■ WORK REQUIRED ■
Could you return, exactly as written, every line from the one containing "способствующий общему комфорту." through the last line of the entries below, leaving out the pictures?

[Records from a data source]
....

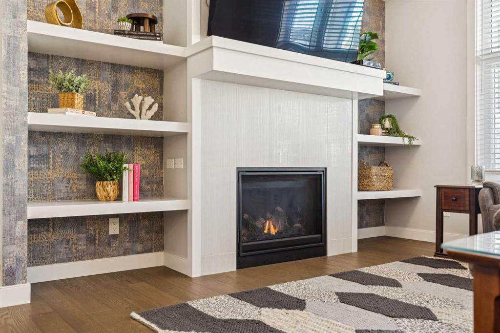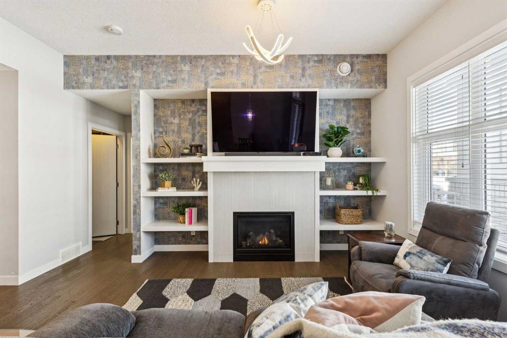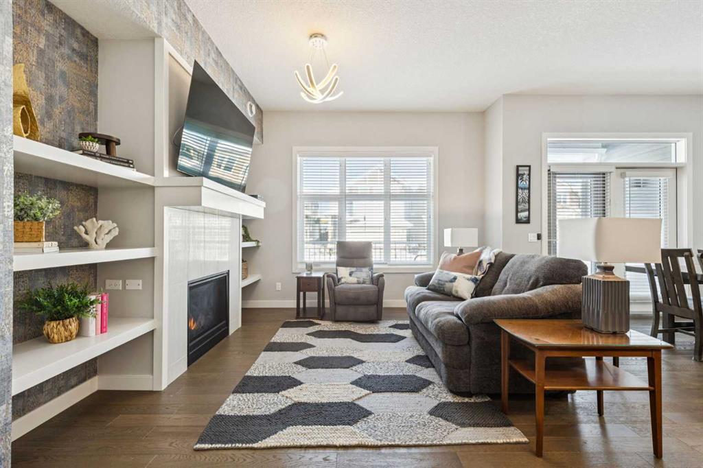 This is the kind of home that makes you exhale the second you step inside. Welcome to effortless bungalow living in the heart of Silverado. A home that perfectly blends comfort, style, and low-maintenance ease in one beautifully designed space. From the moment you walk in, you’ll feel the warmth and openness of this bright 3-bedroom villa, where natural light pours through large windows and an inviting open-concept layout creates a sense of calm and connection throughout. The main living area is both stylish and welcoming, anchored by a stunning gas fireplace and a striking focal wall with custom built-ins that add character, function, and a beautiful architectural statement. Warm hardwood floors flow seamlessly through the space, while the thoughtful layout makes everyday living and entertaining feel completely effortless.
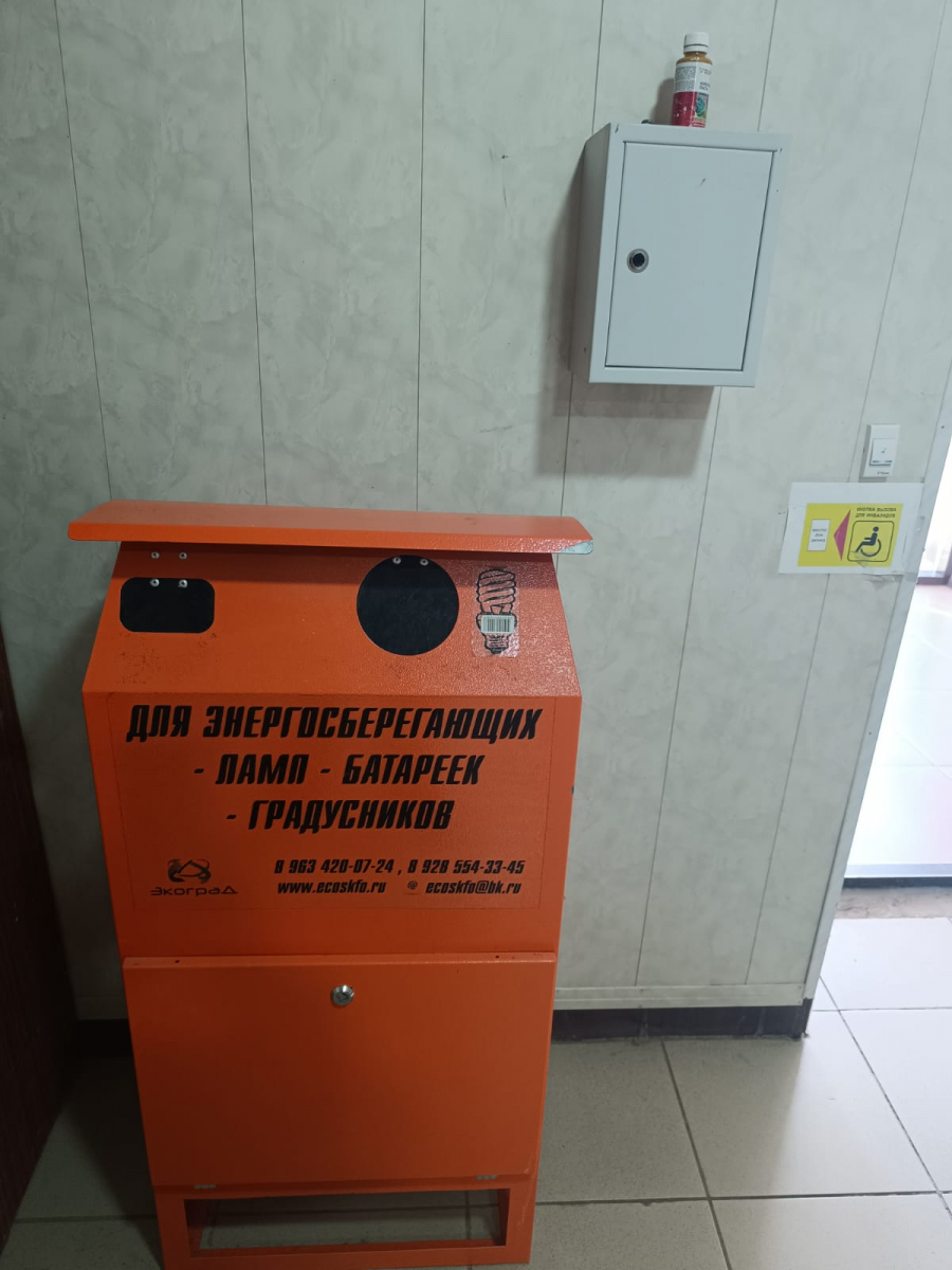 Ставим в известность что в административном здании сельского поселения по улице Мусаиба Стальского №4 установлен прибор Экобокса (контейнер для временного хранения ртутных ламп, ЛБ и ДРЛ).
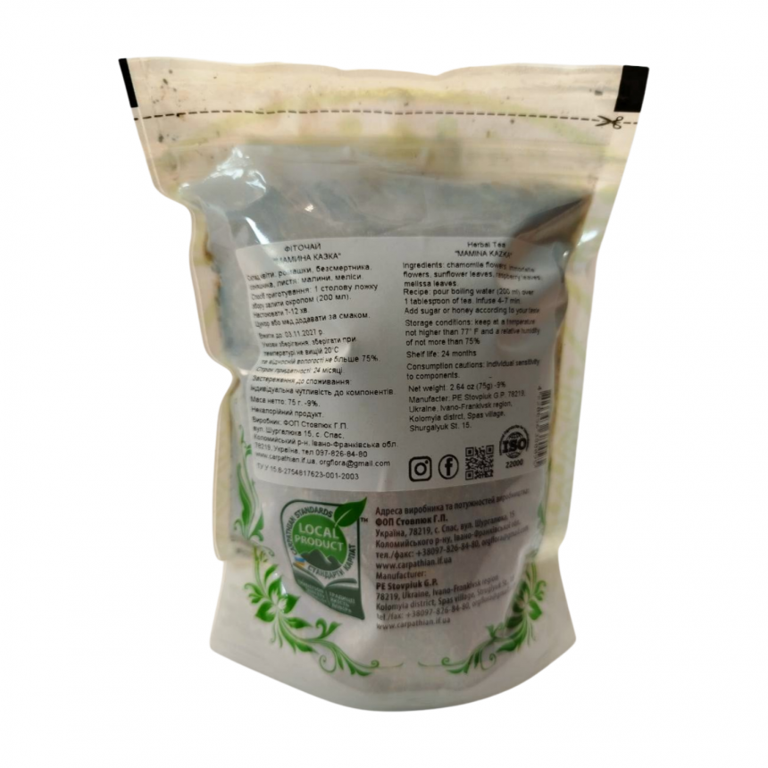 Фиточай «Мамина казка» создан на основе отборных карпатских трав — цветков ромашки, бессмертника и подсолнечника, а также листьев малины и мелиссы. Такое сочетание растений формирует мягкий, ароматный напиток, подходящий для ежедневного употребления и способствующий общему комфорту.
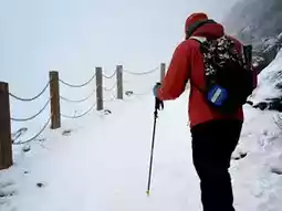 Climbing Niubei Mountain in Sichuan Province, China, during snowy weather is an unforgettable adventure. The mountain, known for its breathtaking views and steep trails, transforms into a winter wonderland with a blanket of snow. As you ascend, the crisp, cold air invigorates your spirit, and the surrounding landscape becomes a serene spectacle of white-draped trees and glistening rock formations.
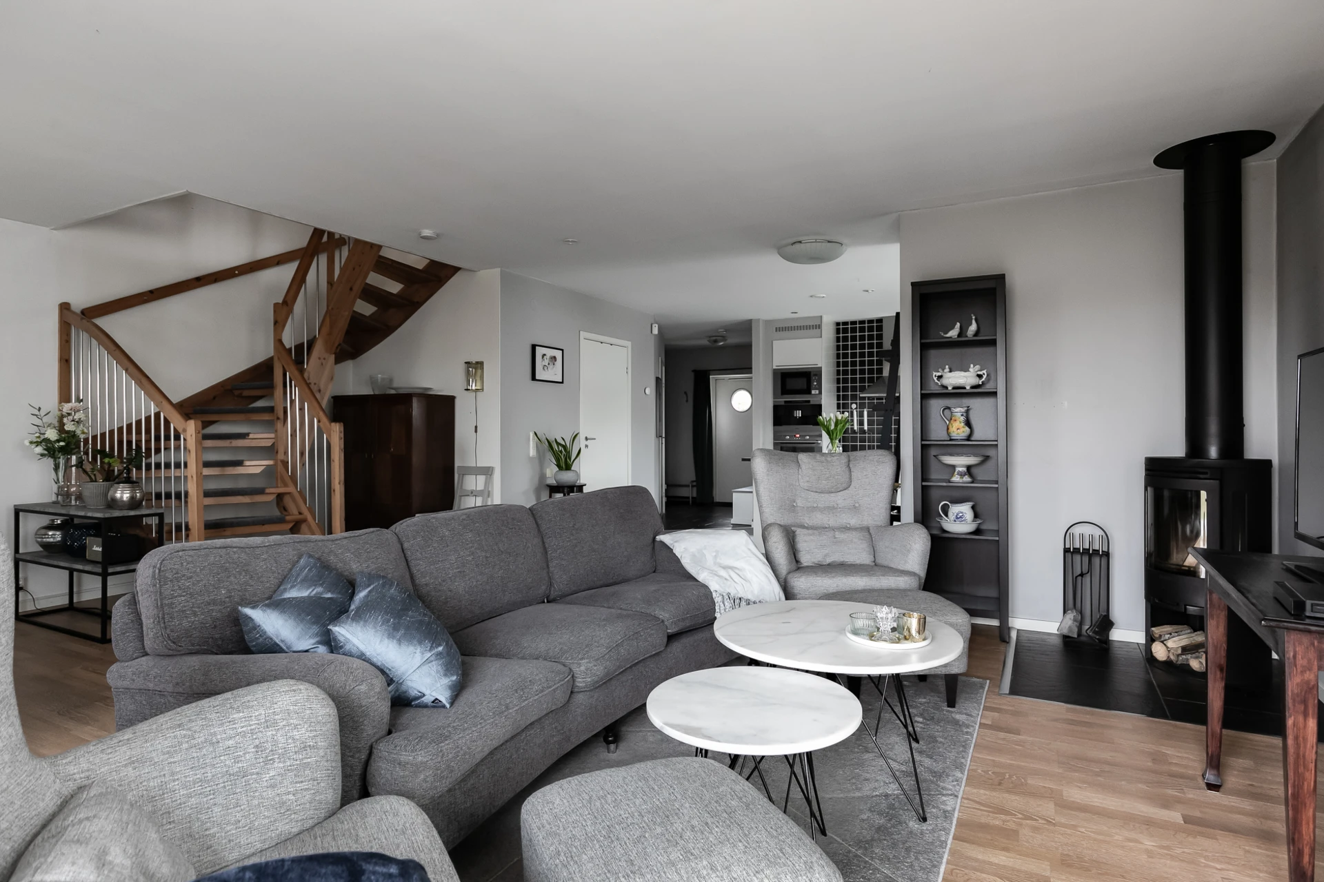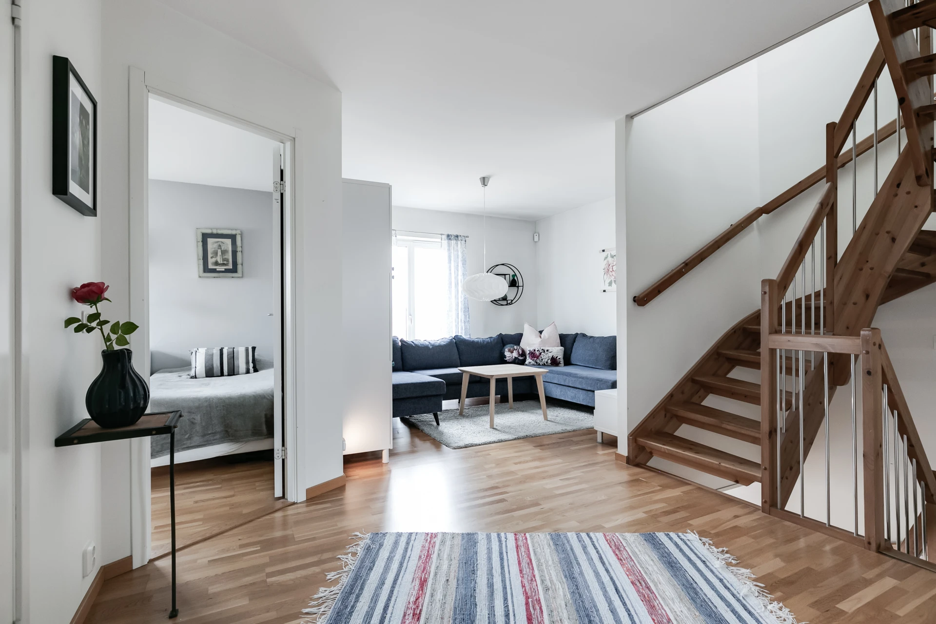 Allrum med plats för soffgrupp och Tv-möbel. Målade väggar och parkettgolv.
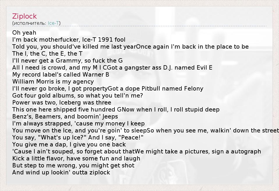 Это интересно:Ice-T (настоящее имя Tracy Morrow, родился 16 февраля 1958 года, в Ньюарк (Newark), Нью-Джерси, США) является одним из самых внятных и интеллектуальных звезд хип-хоп музыки, так же он известен как один из самых печальных поэтов. В своих лучших произведениях, рэппер очень тонко описал портреты жизни гетто и гангстеров. Он задевал темы дискриминации и насилия, и даже тогда его рифмы были умны и резки. Лучшие... продолжение
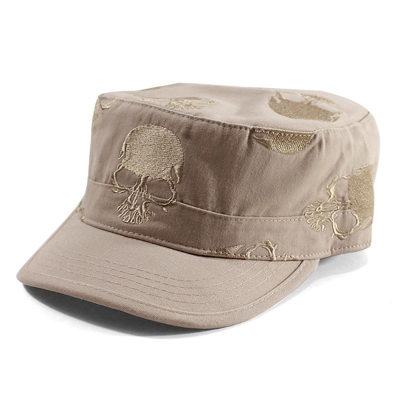 Men Cotton Military Caps Cadet Hat Unique Skull Design Vintage Flat Top Army Cap 4
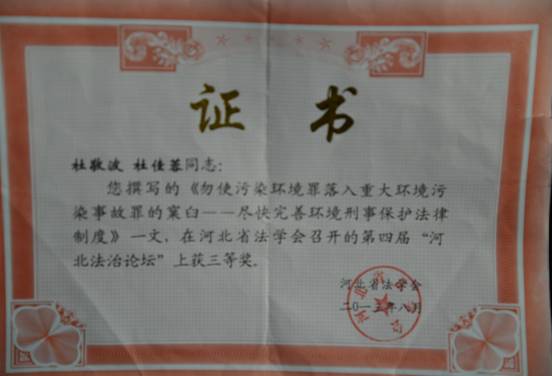 2013年年8月,我系11级法学1班杜佳蓉同学的《勿使污染环境罪落入重大环境污染事故罪的窠臼—— 尽快完善环境刑事保护法律制度》一文在2013年河北法学会举办的第四届“河北法治论坛”上获三等奖。
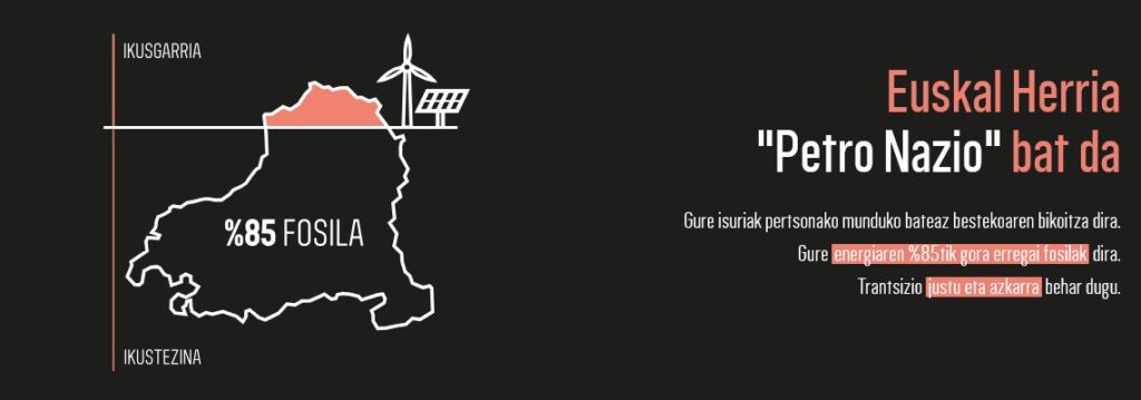 “Gure lurraldearen egoera energetikoarekin kezkatuak gauden herritarrak gara, klima-larrialdearen testuinguruan erregai fosilen kontsumo eta menpekotasun oso handia dugulako. Horregatik, trantsizio justu eta azkar baten aldeko jarrera gizarteratu nahi dugu, fokua erregai fosiletan jarriz eta berriztagarriak trantsizioaren tresna garrantzitsu bat direla ulertuta: hemen eta orain behar ditugu”, adierazi dute zabaldu duten oharrean.

....

■ RESULT FOR THIS EXERCISE ■
 Фиточай «Мамина казка» создан на основе отборных карпатских трав — цветков ромашки, бессмертника и подсолнечника, а также листьев малины и мелиссы. Такое сочетание растений формирует мягкий, ароматный напиток, подходящий для ежедневного употребления и способствующий общему комфорту.
 Climbing Niubei Mountain in Sichuan Province, China, during snowy weather is an unforgettable adventure. The mountain, known for its breathtaking views and steep trails, transforms into a winter wonderland with a blanket of snow. As you ascend, the crisp, cold air invigorates your spirit, and the surrounding landscape becomes a serene spectacle of white-draped trees and glistening rock formations.
 Allrum med plats för soffgrupp och Tv-möbel. Målade väggar och parkettgolv.
 Это интересно:Ice-T (настоящее имя Tracy Morrow, родился 16 февраля 1958 года, в Ньюарк (Newark), Нью-Джерси, США) является одним из самых внятных и интеллектуальных звезд хип-хоп музыки, так же он известен как один из самых печальных поэтов. В своих лучших произведениях, рэппер очень тонко описал портреты жизни гетто и гангстеров. Он задевал темы дискриминации и насилия, и даже тогда его рифмы были умны и резки. Лучшие... продолжение
 Men Cotton Military Caps Cadet Hat Unique Skull Design Vintage Flat Top Army Cap 4
 2013年年8月,我系11级法学1班杜佳蓉同学的《勿使污染环境罪落入重大环境污染事故罪的窠臼—— 尽快完善环境刑事保护法律制度》一文在2013年河北法学会举办的第四届“河北法治论坛”上获三等奖。
 “Gure lurraldearen egoera energetikoarekin kezkatuak gauden herritarrak gara, klima-larrialdearen testuinguruan erregai fosilen kontsumo eta menpekotasun oso handia dugulako. Horregatik, trantsizio justu eta azkar baten aldeko jarrera gizarteratu nahi dugu, fokua erregai fosiletan jarriz eta berriztagarriak trantsizioaren tresna garrantzitsu bat direla ulertuta: hemen eta orain behar ditugu”, adierazi dute zabaldu duten oharrean.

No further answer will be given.